Homilía: 6º Domingo en el Tiempo Ordinario – Ciclo C
Hace casi 30 años, todavía vivía en
Joliet, Illinois, cerca de Chicago. Recuerdo muy claramente una noche cuando vi
el informe de noticias en la televisión sobre cómo un autobús escolar que
transportaba a los niños a casa desde la escuela se había averiado cuando
cruzaba una vía del tren, dejando la parte trasera del autobús sobre la vía. Un
tren de cercanías llegó y golpeó el autobús, hiriendo a varios niños que
estaban adentro. No recuerdo haber escuchado que ninguno de los niños muriera a
causa de sus heridas (gracias a Dios), pero sí recuerdo estar muy molesto por
esta noticia. Mi corazón se conmovió con tristeza por aquellos niños que habían
resultado heridos. Estaba tan molesto que eventualmente decidí que necesitaba
ir a una iglesia y orar por ellos. Sin embargo, mi tristeza se agravó cuando,
al llegar a la iglesia, encontré las puertas de la iglesia cerradas. Durante
una hora más o menos, simplemente conduje, sintiéndome muy solo e impotente
para ayudar a los niños que resultaron heridos ese día.

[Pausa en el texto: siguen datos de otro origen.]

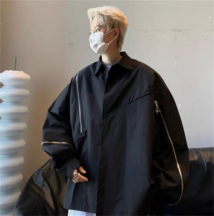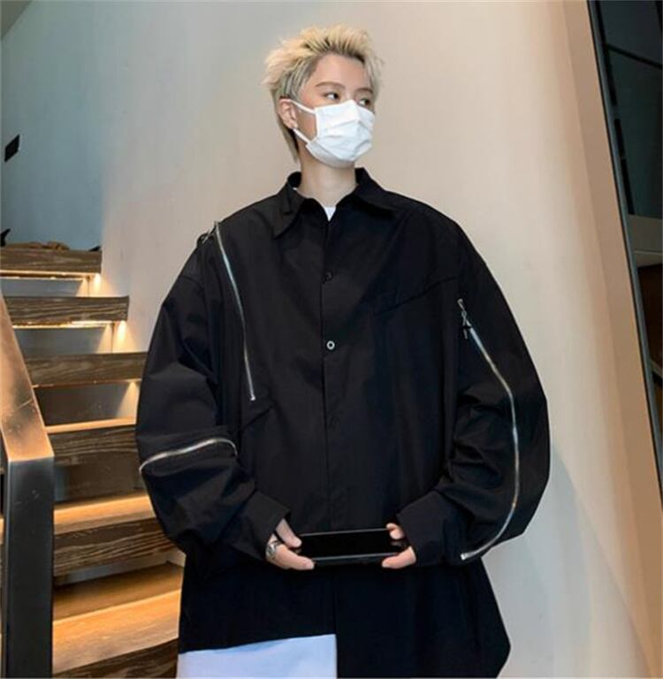オーバーサイズアシンメトリーシャツ ブラック&ホワイト

Sin embargo, esta situación es muy
típica de nuestra condición humana, ¿no es así? Quiero decir, con qué
frecuencia nos encontramos frente a una situación angustiosa—una que nos afecta
directamente o afecta a quienes nos importan—pero sin poder hacer nada para
resolverla. Quizás, en esas situaciones, frecuentamente recurrimos a Dios:
solo, quizás, para descubrir que Dios no parece estar allí cuando lo
necesitamos. Supongo que, para muchos de nosotros aquí, esto sucede con cierta
frecuencia.
Los antiguos israelitas no eran
diferentes. En su vida cotidiana, se encontraron con demasiada frecuencia en
situaciones angustiosas—situaciones agravadas por la presencia de los ocupantes
romanos en su tierra natal—y, sin embargo, cuando recurrieron a Dios para que
los aliviara de su angustia—es decir, para que los liberara del sufrimiento que
estaban soportando—Dios no pareció responder. Debido a esto, muchos, tal vez,
se volvieron hoscos y al borde de perder la esperanza de que el Dios a quien
adoraban (y a quien adoraban sus antepasados) realmente no era tan todopoderoso
como las Escrituras les decían que era.
Todo esto cambió cuando Jesús comenzó
su ministerio. A pesar de las advertencias de Jesús a las personas a las que
sanaba o de las que expulsaba demonios, su fama se extendió por toda la tierra.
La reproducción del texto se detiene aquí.